**Work item:** Copying exactly, give the lines in the material below from the one with "thoát dịch nhiều." to the one with "今回、このレースの実施を記念", ends included, and nothing besides.

**Data provided:**

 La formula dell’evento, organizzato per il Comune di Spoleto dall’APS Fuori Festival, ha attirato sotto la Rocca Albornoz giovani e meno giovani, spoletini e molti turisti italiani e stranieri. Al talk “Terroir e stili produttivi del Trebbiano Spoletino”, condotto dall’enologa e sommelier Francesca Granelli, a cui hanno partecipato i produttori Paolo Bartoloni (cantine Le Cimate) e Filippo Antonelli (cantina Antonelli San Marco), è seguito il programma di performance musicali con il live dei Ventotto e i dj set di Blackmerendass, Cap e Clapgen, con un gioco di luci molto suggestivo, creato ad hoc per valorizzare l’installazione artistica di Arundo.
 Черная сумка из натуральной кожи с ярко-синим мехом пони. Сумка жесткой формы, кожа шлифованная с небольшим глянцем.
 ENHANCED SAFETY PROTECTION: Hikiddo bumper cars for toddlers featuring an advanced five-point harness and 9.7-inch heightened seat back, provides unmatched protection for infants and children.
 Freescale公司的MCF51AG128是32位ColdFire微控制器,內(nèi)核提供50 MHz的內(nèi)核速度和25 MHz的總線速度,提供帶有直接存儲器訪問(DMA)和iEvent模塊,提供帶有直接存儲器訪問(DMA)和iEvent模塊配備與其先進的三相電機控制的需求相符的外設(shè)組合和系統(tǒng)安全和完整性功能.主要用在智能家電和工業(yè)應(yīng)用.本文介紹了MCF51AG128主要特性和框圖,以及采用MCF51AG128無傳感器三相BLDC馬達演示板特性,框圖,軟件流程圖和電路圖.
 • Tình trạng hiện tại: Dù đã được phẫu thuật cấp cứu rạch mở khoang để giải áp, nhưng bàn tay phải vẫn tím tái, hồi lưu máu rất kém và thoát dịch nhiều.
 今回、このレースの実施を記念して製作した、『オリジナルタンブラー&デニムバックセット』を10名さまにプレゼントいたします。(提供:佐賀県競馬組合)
---
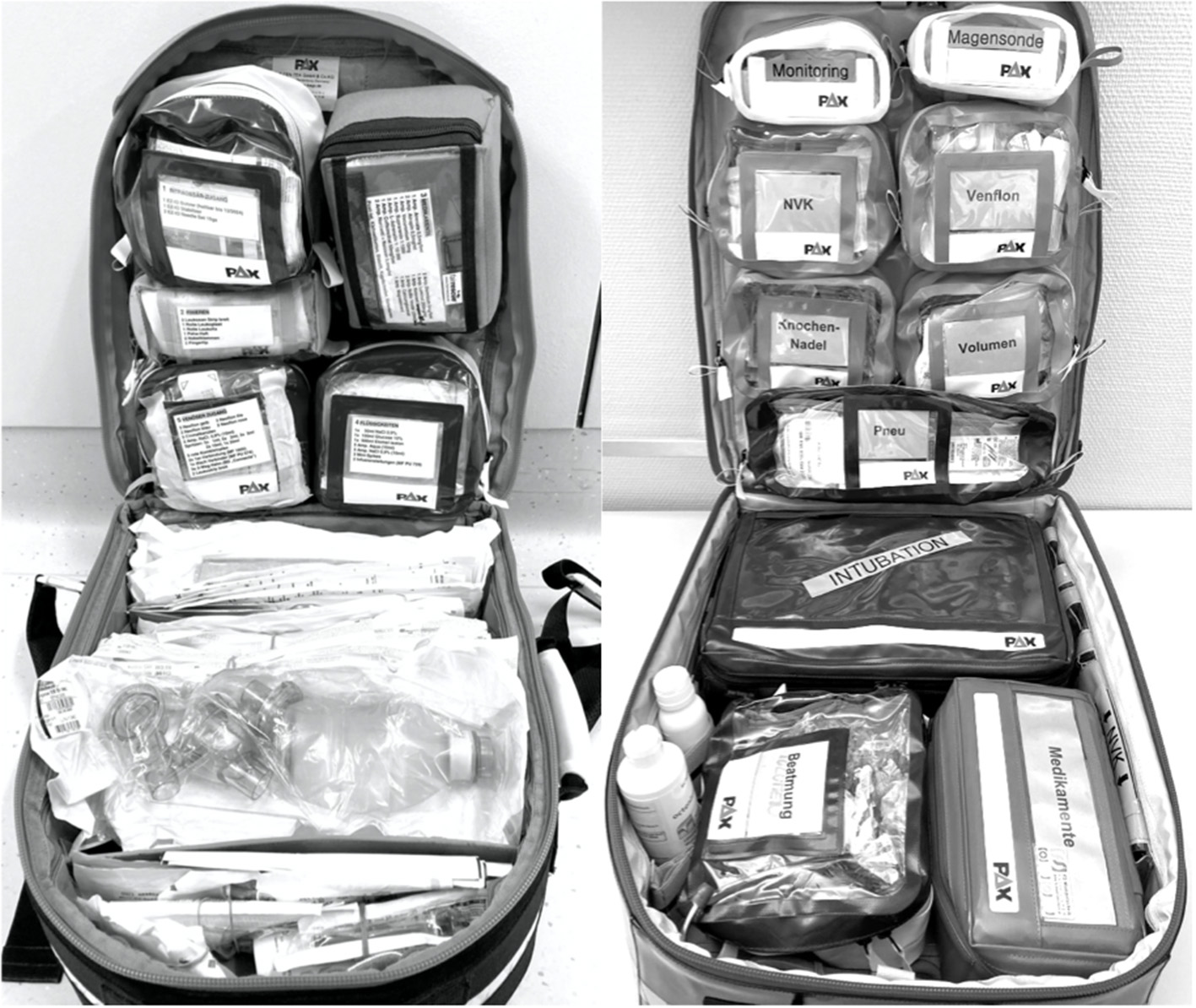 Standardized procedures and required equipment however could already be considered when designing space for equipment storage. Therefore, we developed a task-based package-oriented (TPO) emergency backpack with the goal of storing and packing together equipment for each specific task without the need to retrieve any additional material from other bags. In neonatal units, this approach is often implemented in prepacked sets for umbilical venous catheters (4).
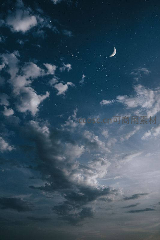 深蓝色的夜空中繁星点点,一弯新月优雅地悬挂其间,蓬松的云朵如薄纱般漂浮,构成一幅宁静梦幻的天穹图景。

**Result of the task:**
 • Tình trạng hiện tại: Dù đã được phẫu thuật cấp cứu rạch mở khoang để giải áp, nhưng bàn tay phải vẫn tím tái, hồi lưu máu rất kém và thoát dịch nhiều.
 今回、このレースの実施を記念して製作した、『オリジナルタンブラー&デニムバックセット』を10名さまにプレゼントいたします。(提供:佐賀県競馬組合)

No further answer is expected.